Problem:
Print the entries underneath word for word, omitting whatever pictures they contain.

Recorded information:
■ ■ ■ ■ ■ ■ ■

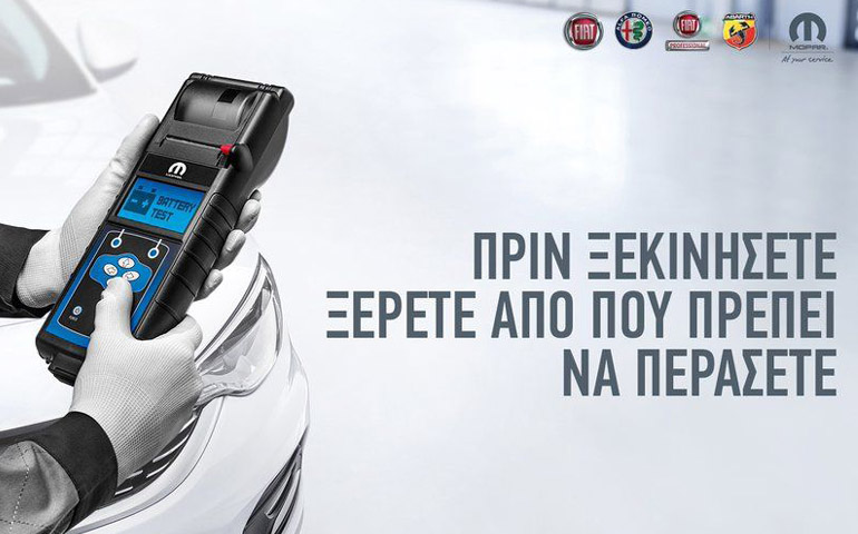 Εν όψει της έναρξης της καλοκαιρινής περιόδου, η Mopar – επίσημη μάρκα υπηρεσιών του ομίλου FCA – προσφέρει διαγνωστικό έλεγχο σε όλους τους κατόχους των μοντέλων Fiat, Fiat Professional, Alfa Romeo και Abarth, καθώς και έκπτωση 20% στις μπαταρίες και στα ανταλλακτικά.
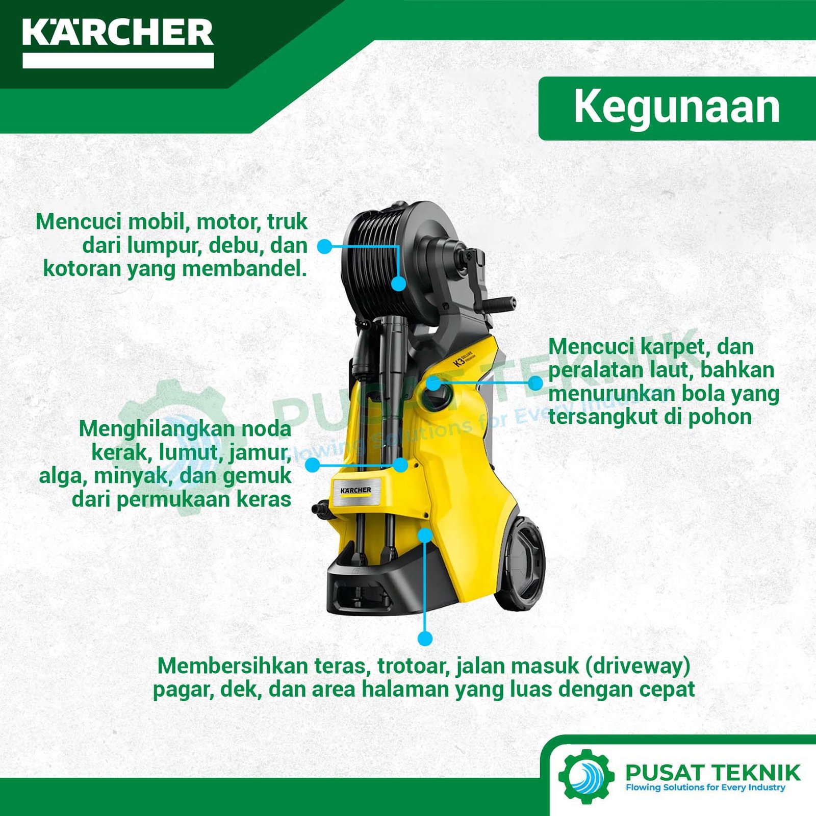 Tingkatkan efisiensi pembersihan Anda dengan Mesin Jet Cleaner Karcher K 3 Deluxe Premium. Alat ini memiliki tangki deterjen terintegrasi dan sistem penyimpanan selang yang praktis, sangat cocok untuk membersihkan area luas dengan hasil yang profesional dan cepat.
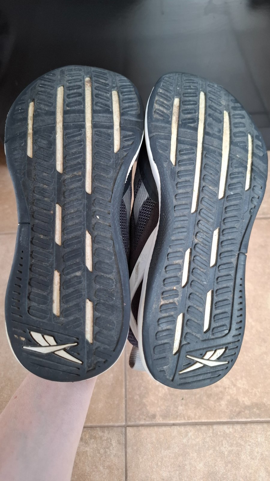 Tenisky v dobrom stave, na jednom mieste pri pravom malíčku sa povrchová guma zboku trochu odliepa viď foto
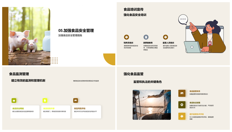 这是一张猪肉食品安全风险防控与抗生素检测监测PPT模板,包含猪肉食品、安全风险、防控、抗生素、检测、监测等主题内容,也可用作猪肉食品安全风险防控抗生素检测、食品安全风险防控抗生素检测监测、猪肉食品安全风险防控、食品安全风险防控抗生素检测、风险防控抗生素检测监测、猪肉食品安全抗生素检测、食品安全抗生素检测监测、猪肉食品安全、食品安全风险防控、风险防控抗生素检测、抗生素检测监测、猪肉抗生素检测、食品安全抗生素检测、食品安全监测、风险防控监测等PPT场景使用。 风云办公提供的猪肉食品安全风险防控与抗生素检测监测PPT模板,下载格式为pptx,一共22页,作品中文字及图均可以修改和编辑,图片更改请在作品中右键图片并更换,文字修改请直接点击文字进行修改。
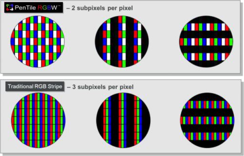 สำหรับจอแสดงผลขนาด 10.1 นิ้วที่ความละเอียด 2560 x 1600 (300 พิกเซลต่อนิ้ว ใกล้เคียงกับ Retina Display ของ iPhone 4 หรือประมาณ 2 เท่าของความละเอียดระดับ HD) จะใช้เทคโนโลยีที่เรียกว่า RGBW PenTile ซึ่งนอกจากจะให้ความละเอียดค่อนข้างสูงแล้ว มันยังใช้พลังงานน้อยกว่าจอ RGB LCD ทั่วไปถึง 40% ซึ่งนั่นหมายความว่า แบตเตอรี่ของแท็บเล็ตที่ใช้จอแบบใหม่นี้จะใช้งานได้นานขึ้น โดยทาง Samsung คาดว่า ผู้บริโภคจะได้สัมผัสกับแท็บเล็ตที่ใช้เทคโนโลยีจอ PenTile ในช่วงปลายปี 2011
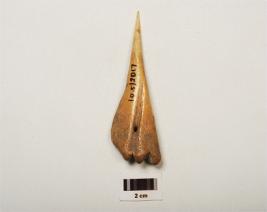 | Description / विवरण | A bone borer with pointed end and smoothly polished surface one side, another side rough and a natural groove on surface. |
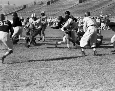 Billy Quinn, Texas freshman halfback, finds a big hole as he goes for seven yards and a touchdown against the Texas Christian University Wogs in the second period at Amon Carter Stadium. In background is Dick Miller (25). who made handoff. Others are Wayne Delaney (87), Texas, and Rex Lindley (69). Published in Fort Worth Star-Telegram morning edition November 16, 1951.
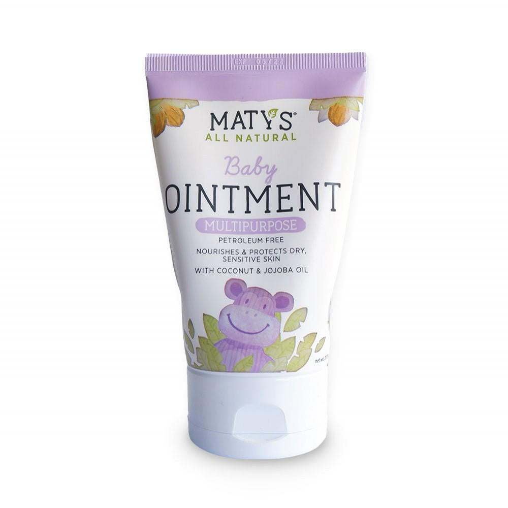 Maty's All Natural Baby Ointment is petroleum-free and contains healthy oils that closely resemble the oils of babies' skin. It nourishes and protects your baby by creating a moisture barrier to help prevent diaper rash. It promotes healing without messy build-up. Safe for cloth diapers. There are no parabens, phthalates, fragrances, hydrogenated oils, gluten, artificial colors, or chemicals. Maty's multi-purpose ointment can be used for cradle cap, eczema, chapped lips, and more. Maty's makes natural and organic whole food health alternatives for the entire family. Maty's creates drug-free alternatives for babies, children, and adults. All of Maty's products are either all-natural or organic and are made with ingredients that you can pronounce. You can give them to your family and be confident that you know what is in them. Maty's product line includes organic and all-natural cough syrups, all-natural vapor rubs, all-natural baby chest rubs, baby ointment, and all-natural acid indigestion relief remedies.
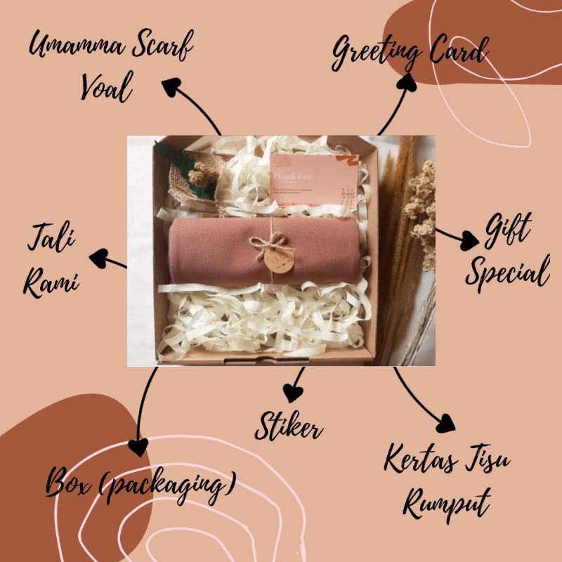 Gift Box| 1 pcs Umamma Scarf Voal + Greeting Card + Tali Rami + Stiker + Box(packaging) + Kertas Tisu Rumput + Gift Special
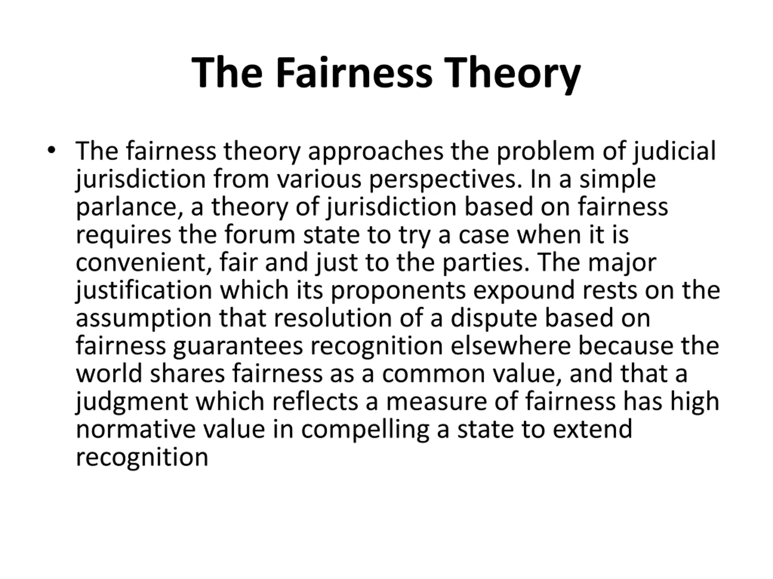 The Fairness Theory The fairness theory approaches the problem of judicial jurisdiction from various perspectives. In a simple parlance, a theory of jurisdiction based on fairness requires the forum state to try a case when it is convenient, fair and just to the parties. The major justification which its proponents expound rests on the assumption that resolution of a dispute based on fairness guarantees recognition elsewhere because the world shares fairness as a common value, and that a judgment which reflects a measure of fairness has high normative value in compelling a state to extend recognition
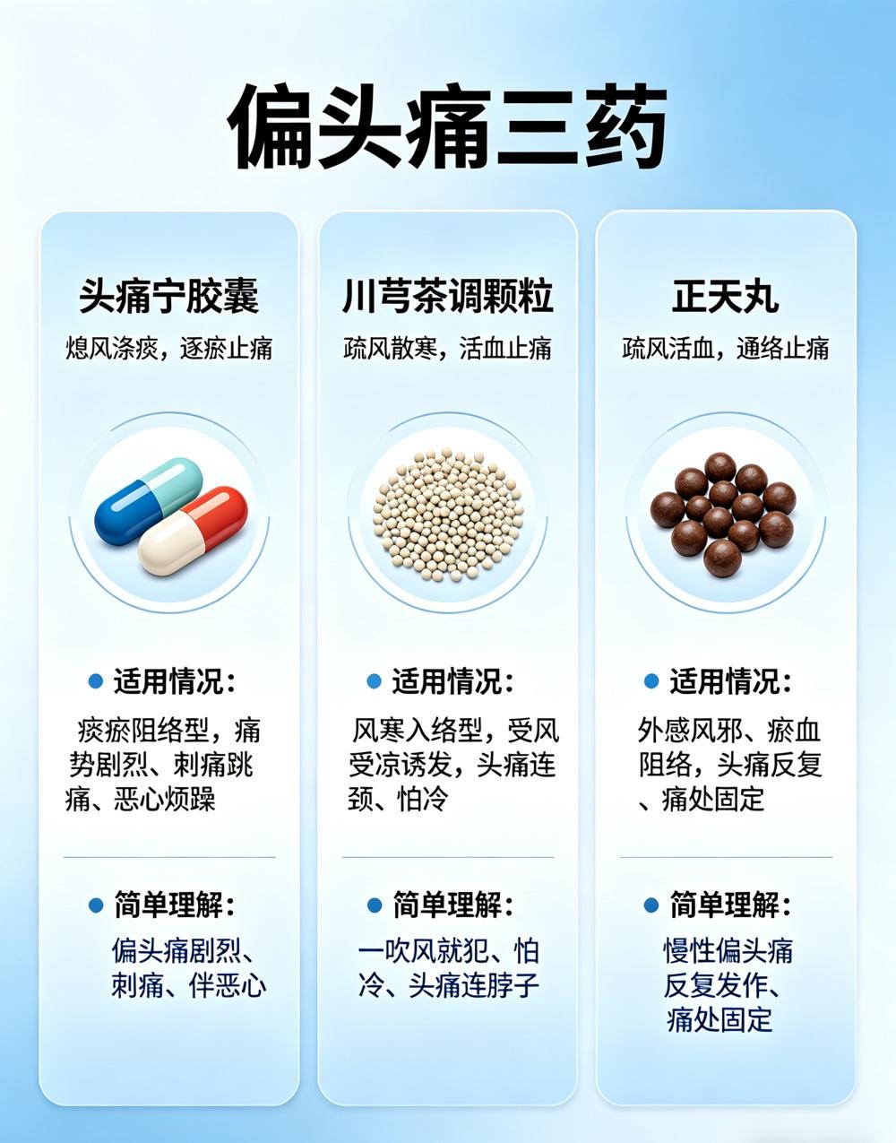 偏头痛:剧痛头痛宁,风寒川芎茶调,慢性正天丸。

■ ■ ■ ■ ■ ■ ■

Task result:
 Εν όψει της έναρξης της καλοκαιρινής περιόδου, η Mopar – επίσημη μάρκα υπηρεσιών του ομίλου FCA – προσφέρει διαγνωστικό έλεγχο σε όλους τους κατόχους των μοντέλων Fiat, Fiat Professional, Alfa Romeo και Abarth, καθώς και έκπτωση 20% στις μπαταρίες και στα ανταλλακτικά.
 Tingkatkan efisiensi pembersihan Anda dengan Mesin Jet Cleaner Karcher K 3 Deluxe Premium. Alat ini memiliki tangki deterjen terintegrasi dan sistem penyimpanan selang yang praktis, sangat cocok untuk membersihkan area luas dengan hasil yang profesional dan cepat.
 Tenisky v dobrom stave, na jednom mieste pri pravom malíčku sa povrchová guma zboku trochu odliepa viď foto
 这是一张猪肉食品安全风险防控与抗生素检测监测PPT模板,包含猪肉食品、安全风险、防控、抗生素、检测、监测等主题内容,也可用作猪肉食品安全风险防控抗生素检测、食品安全风险防控抗生素检测监测、猪肉食品安全风险防控、食品安全风险防控抗生素检测、风险防控抗生素检测监测、猪肉食品安全抗生素检测、食品安全抗生素检测监测、猪肉食品安全、食品安全风险防控、风险防控抗生素检测、抗生素检测监测、猪肉抗生素检测、食品安全抗生素检测、食品安全监测、风险防控监测等PPT场景使用。 风云办公提供的猪肉食品安全风险防控与抗生素检测监测PPT模板,下载格式为pptx,一共22页,作品中文字及图均可以修改和编辑,图片更改请在作品中右键图片并更换,文字修改请直接点击文字进行修改。
 สำหรับจอแสดงผลขนาด 10.1 นิ้วที่ความละเอียด 2560 x 1600 (300 พิกเซลต่อนิ้ว ใกล้เคียงกับ Retina Display ของ iPhone 4 หรือประมาณ 2 เท่าของความละเอียดระดับ HD) จะใช้เทคโนโลยีที่เรียกว่า RGBW PenTile ซึ่งนอกจากจะให้ความละเอียดค่อนข้างสูงแล้ว มันยังใช้พลังงานน้อยกว่าจอ RGB LCD ทั่วไปถึง 40% ซึ่งนั่นหมายความว่า แบตเตอรี่ของแท็บเล็ตที่ใช้จอแบบใหม่นี้จะใช้งานได้นานขึ้น โดยทาง Samsung คาดว่า ผู้บริโภคจะได้สัมผัสกับแท็บเล็ตที่ใช้เทคโนโลยีจอ PenTile ในช่วงปลายปี 2011
 | Description / विवरण | A bone borer with pointed end and smoothly polished surface one side, another side rough and a natural groove on surface. |
 Billy Quinn, Texas freshman halfback, finds a big hole as he goes for seven yards and a touchdown against the Texas Christian University Wogs in the second period at Amon Carter Stadium. In background is Dick Miller (25). who made handoff. Others are Wayne Delaney (87), Texas, and Rex Lindley (69). Published in Fort Worth Star-Telegram morning edition November 16, 1951.
 Maty's All Natural Baby Ointment is petroleum-free and contains healthy oils that closely resemble the oils of babies' skin. It nourishes and protects your baby by creating a moisture barrier to help prevent diaper rash. It promotes healing without messy build-up. Safe for cloth diapers. There are no parabens, phthalates, fragrances, hydrogenated oils, gluten, artificial colors, or chemicals. Maty's multi-purpose ointment can be used for cradle cap, eczema, chapped lips, and more. Maty's makes natural and organic whole food health alternatives for the entire family. Maty's creates drug-free alternatives for babies, children, and adults. All of Maty's products are either all-natural or organic and are made with ingredients that you can pronounce. You can give them to your family and be confident that you know what is in them. Maty's product line includes organic and all-natural cough syrups, all-natural vapor rubs, all-natural baby chest rubs, baby ointment, and all-natural acid indigestion relief remedies.
 Gift Box| 1 pcs Umamma Scarf Voal + Greeting Card + Tali Rami + Stiker + Box(packaging) + Kertas Tisu Rumput + Gift Special
 The Fairness Theory The fairness theory approaches the problem of judicial jurisdiction from various perspectives. In a simple parlance, a theory of jurisdiction based on fairness requires the forum state to try a case when it is convenient, fair and just to the parties. The major justification which its proponents expound rests on the assumption that resolution of a dispute based on fairness guarantees recognition elsewhere because the world shares fairness as a common value, and that a judgment which reflects a measure of fairness has high normative value in compelling a state to extend recognition
 偏头痛:剧痛头痛宁,风寒川芎茶调,慢性正天丸。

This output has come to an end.